High above the sun pulses in the haze of an ash-grey sky. It’s a Thursday in late August 1998, nearing one o’clock in the afternoon, as I leave my house and walk north on Mullet Street. In the distance the three smokestacks of Niagara Mohawk electric plant come into view, rising above the horizon of housetops like an apparition – totems to this once frontier town of industry and commerce, gone to rot. 

At 27 I’m still living with my mother and going nowhere. If you asked my grandfather, he might say I’m wasting my life reading, going to bars every night. He’d laugh and call me Josephine, after his older sister, because my hair is long. He’ll tell you that what I should be doing is working, that it doesn’t matter if I like my job, just as long as I have one, which, in fact, I do. A month ago, I was hired as a prime-time cashier at Quality Markets. “Prime-time,” meaning just a few hours short of forty hours per week–this, so the bigwigs don’t have to pay health insurance. But since I’m not one of those kiss-ass ladder climbers who quietly endure 50 to 60 hours a week so they can one day become superstar store managers like my boss Jim Hatala, who struts from aisle to aisle, making believe he gives a shit about the crates of milk and canned vegetables waiting to be shelved. I’m not fussed.  That’s not to say I’m content, but sometimes just knowing you’re going nowhere can be a blessing. Besides, today is my day off. Thus, I set out as Thoreau once advised, “on the shortest walk perchance, in the spirit of undying adventure, never to return, prepared to send my embalmed heart back as a relic” to this desolate kingdom of my youth. 

*

At the corner of Mullet and Dove, I find the severed head of a sparrow on the sidewalk. Its tiny eyes glint in the sun, and its body is nowhere to be found. A swarm of ants covers the head. They look like parishioners moving around a sacred obelisk or temple of some ancient avian god. I’m almost tempted to scoop the head in my hands and carry it away like a talisman but decide against it. Instead, I press on, following some inner trajectory I am not consciously aware of, though I surmise it has something to do with having beers with my friend Walt at Billy Ott’s bar. *

After working the night shift for the sixth straight night at Saint Vincent’s assisted living home, my mother, who was fast asleep when I left, is probably slowing rising, making her way to the kitchen, where she’ll stand with a cup of black coffee and her first of many cigarettes, gazing out the window, watching the birds, admiring her garden of hydrangeas and roses. Slowly her thoughts will lead her to some private abyss where she’ll mull over her life — the choices she’s made, her dreams, all her incessant fears and failures.  Then she’ll turn on the radio — and oldies station, Elvis, The Temptations, Dion — and let the music lull her into something close to bliss.

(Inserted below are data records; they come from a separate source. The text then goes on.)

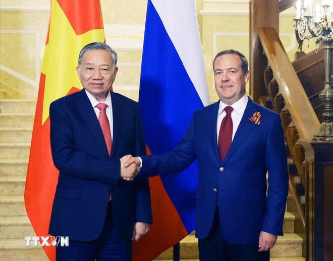 Theo Đặc phái viên TTXVN, ngày 9/5 (theo giờ địa phương), tại thủ đô Moskva, Tổng Bí thư Tô Lâm đã hội kiến Chủ tịch Đảng Nước Nga Thống nhất, Phó Chủ tịch Hội đồng An ninh Liên bang Nga Dmitry Medvedev.
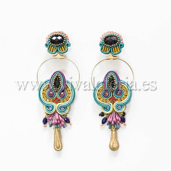 Los pendientes Aymar son unas piezas fruto de la última colección de alta bisutería de Candela de Reina. Con un diseño 100% artesanal se muestran delicados y sugerentes con aires a flamenco vintage. La originalidad de sus sinuosas formas y excelente combinación de colores solo es capaz de conseguirlo esta excepcional diseñadora. Estos zarcillos se convertirán en tu complemento flamenco ideal aptos para todo tipo de eventos: ferias, romerías, tablaos… Marca la diferencia con estos pendientes de flamenca de los de “para toda la vida”.
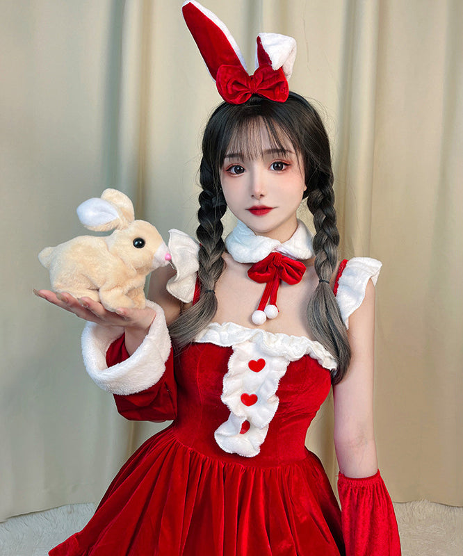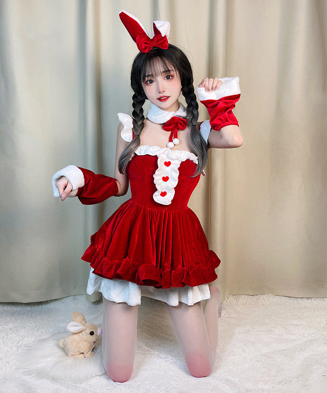 セット内容:レッドドレス+ホワイトスカート+チョーカー+ヘアバンド+アームカバー*2+バニーテール
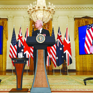 “这是美国在构建印太版北约过程中采取的又一关键步骤。”中国外交学院国际关系研究所教授李海东16日对《环球时报》表示,美国一直企图在亚太搞一个类似北约的多边联盟架构,现在的这个三方联盟是前站。在美国安全观念里,美英澳同属盎格鲁撒克逊文化,都是白人主导的讲英语的国家,三方联盟是美国在亚太最核心圈子;稍外围一点的是美韩、美日等诸多双边联盟;美日印澳四方机制则是更外围一些的机制,印度还算不上美国正式盟国。美国正试图将这些不同的组合打造成其主导下的一个相互关联、相互支撑的完整联盟体系。
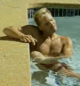 The next scene takes us back to the pool at Logan's frat house, where bros Josh Sexton and Randy Ross are cavorting in the pool. The horseplay turns serious when furry blond Randy pulls down cutie pie Josh's trunks and sucks his dick poolside. Josh leans back and gives Randy complete access to his hole, which Randy licks until it's slick with saliva. Then Randy climbs out of the pool and feeds his meat to Josh, who swallows it whole. The two look really appealing when they fuck, the sun gleaming on their sweaty, tanned bodies, and Josh easily taking everything Randy dishes out (which is considerable -- the guy fucks like a machine). Randy pulls out of Josh and sprays his load all over his back to end the scene.
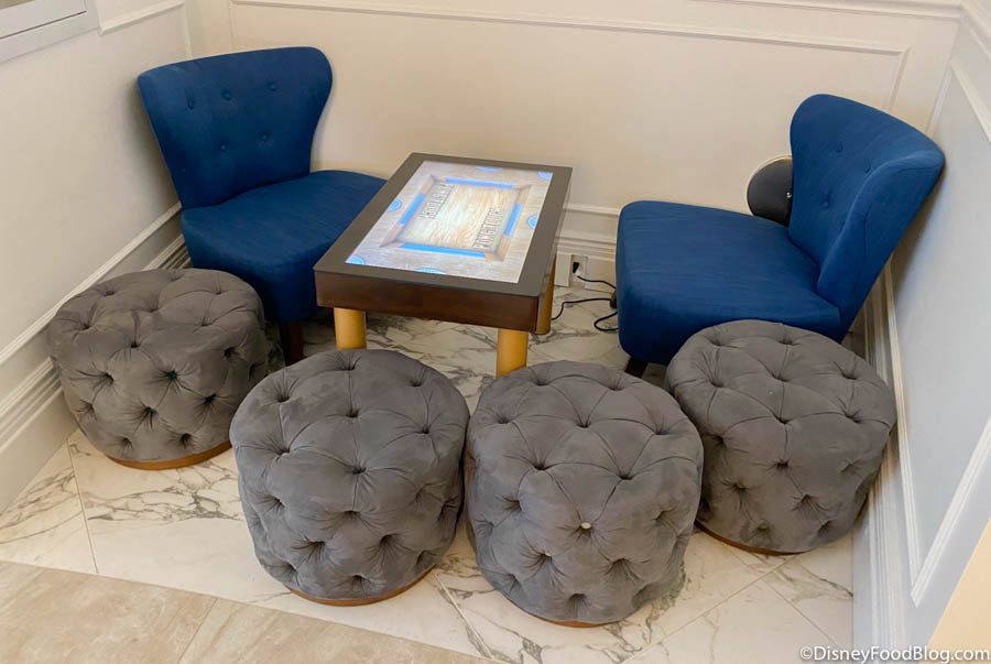 There’s also a kid section so your little ones can chill out while Mom and Dad check them in to the hotel for their AWESOME vacation! This table is interactive! So fun.
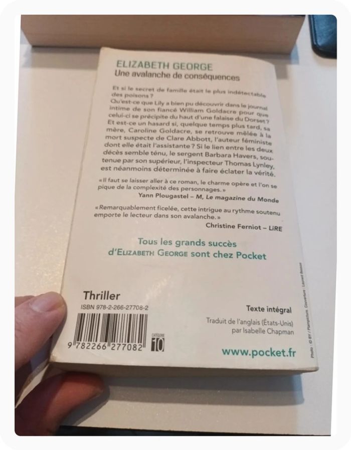 Livre Elizabeth George Poche Une avalanche de conséquences Bon état Couverture un peu abîmée 📦 Envoi rapide et soigné #sigrid14livres #sigrid14thrillers #sigrid14mars2025 Synopsis Entre Londres et le Dorset, on plonge dans les secrets, mensonges et méandres d'une famille dysfonctionelle marquée par le suicide du fils cadet, Will, le fragile paysagiste atteint de logorrhée verbale
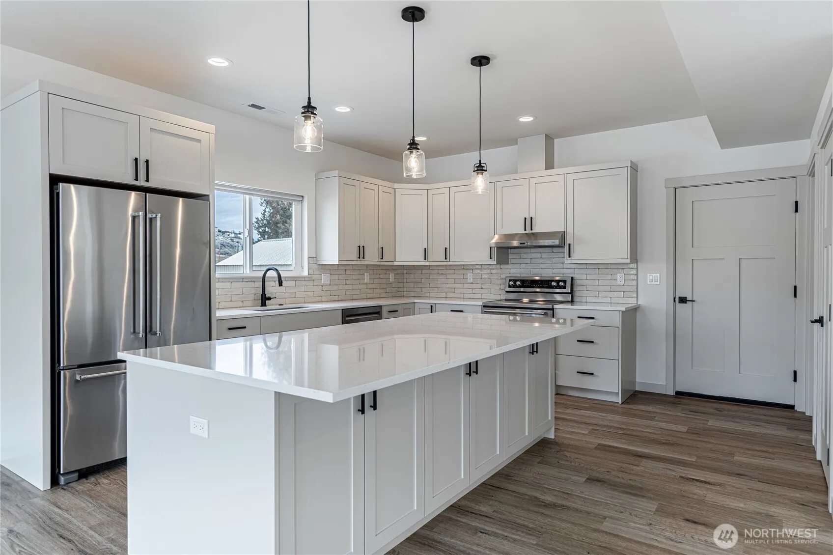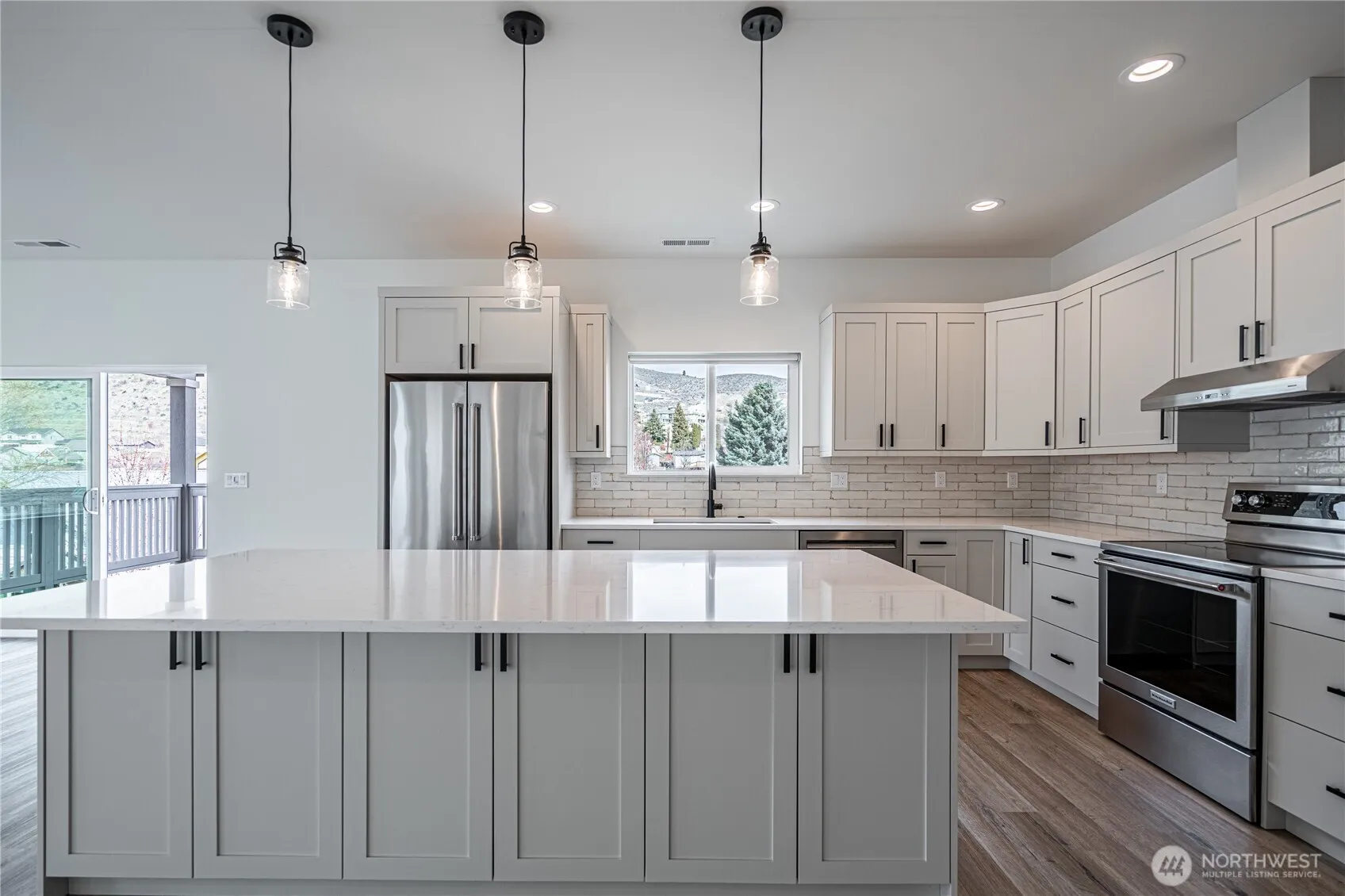 Welcome to your new 3-bedroom, 2.5-bath home, thoughtfully designed with everyday comfort in mind. Nestled with scenic river valley views, this new construction home features custom cabinets, sleek stainless-steel appliances, and durable quartz counters in the kitchen. Modern finishes throughout add a clean, contemporary feel. Step outside to enjoy the covered front porch or unwind on the covered back porch, both perfect for quiet mornings and casual evenings. The landscaped yard, complete with an automatic sprinkler system, keeps outdoor upkeep simple and stress-free. Move-in ready and built for real life, this is a home you’ll love coming back to.
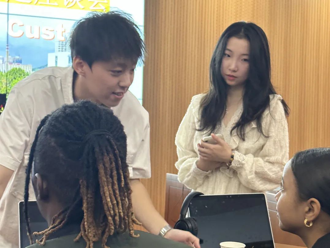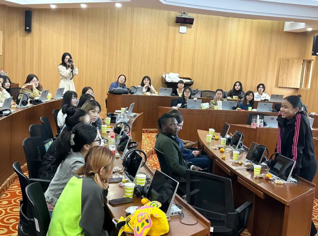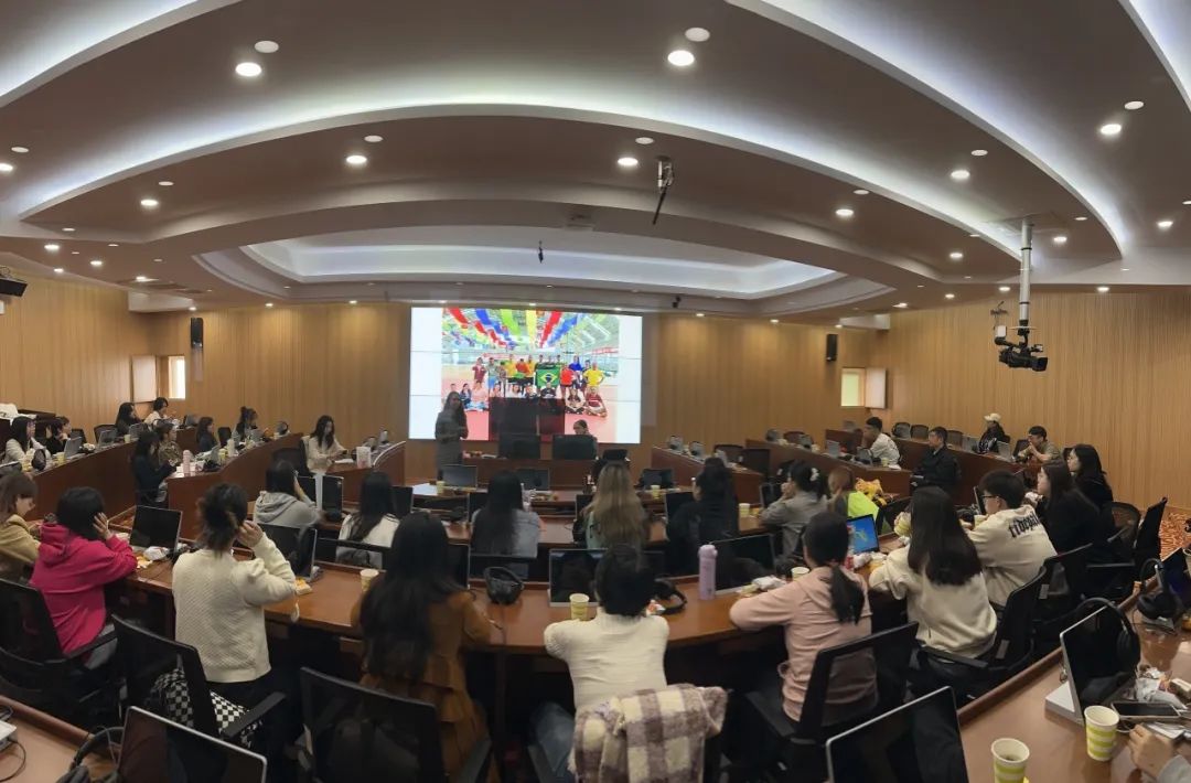 研究生会主办以“家乡文化”为主题的英文沙龙活动在11B105智慧教室举行。本次活动由学院党总支副书记兼2023级研究生辅导员李华老师策划指导,汉学院国际学生辅导员高天老师与留学生连线,研究生会学习部部长刘政和副部长张婷婷共同主持,四名汉学院留学生受邀参加座谈会,部分2023级研究生参加。
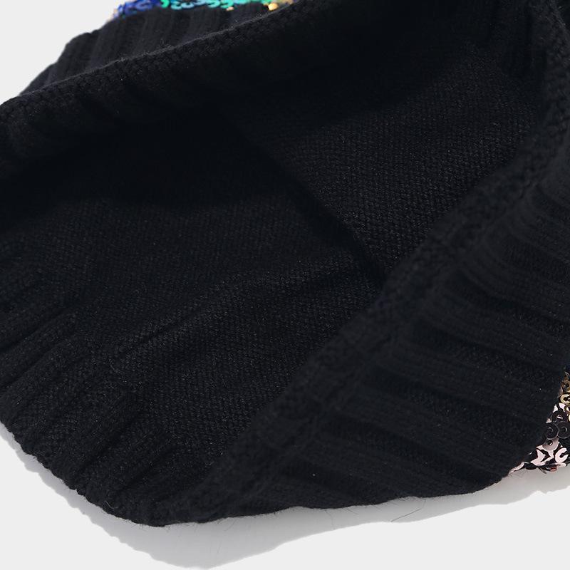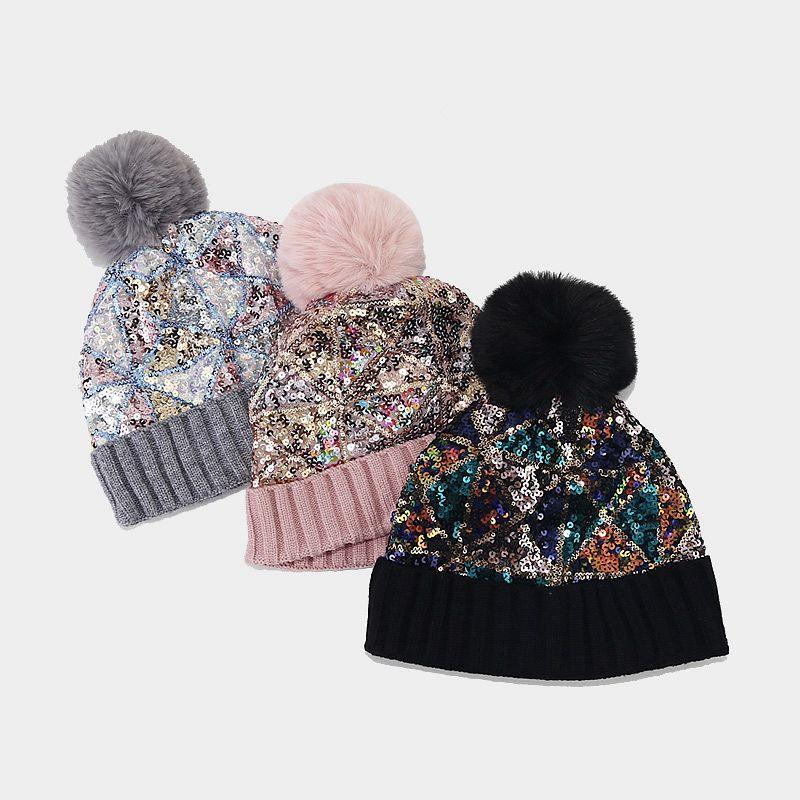 Gorro de punto de lentejuelas de colores de moda europea y americana para mujer Otoño e Invierno Calle versátil engrosado cálido protección para los oídos con bola de pelo gorro frío

A year before we bought the one-story ranch-style house at 123 West Firth Street with generous help from my grandfather. My mother and I had fled our house on Main Street, where I grew up, leaving behind the leaky roof as well as most of the furniture, for my father, who, though he’d not lived with us since I was eight, was still responsible for the mortgage. According to my parents’ divorce agreement, my mother could stay in the house until I turned 21. After that, my father could do with it as he wanted.

 The roof had leaked for nearly ten years. Why my father never had it repaired I did not know. I never asked. Even my grandparents, who bought us groceries and sometimes gave my mother money for the utility bills, never asked about the roof. My mother and I had long ago stopped replacing the drop ceilings that only became waterlogged and crumbled every time it rained. Sections of the carpet in the living room never fully dried and the floorboards underneath buckled. We used to drag out all the pots and pans, the cups and bowls from the cupboards and place them strategically throughout the living room and dining room.

Our new house, a white, three-bedroom ranch style had a finished basement. It became a sanctuary for my mother. She set about decorating with her own unique flair, transforming the rooms into something special, something all her own, the way she transformed the old house on Main Street after my father moved out. 

*

After having left the severed bird’s head behind I continue my journey, mapping in my mind Dunkirk’s entirety, as if every sidewalk crack and cranny were rivers, as if every street I crossed brought me into a new, undiscovered land. 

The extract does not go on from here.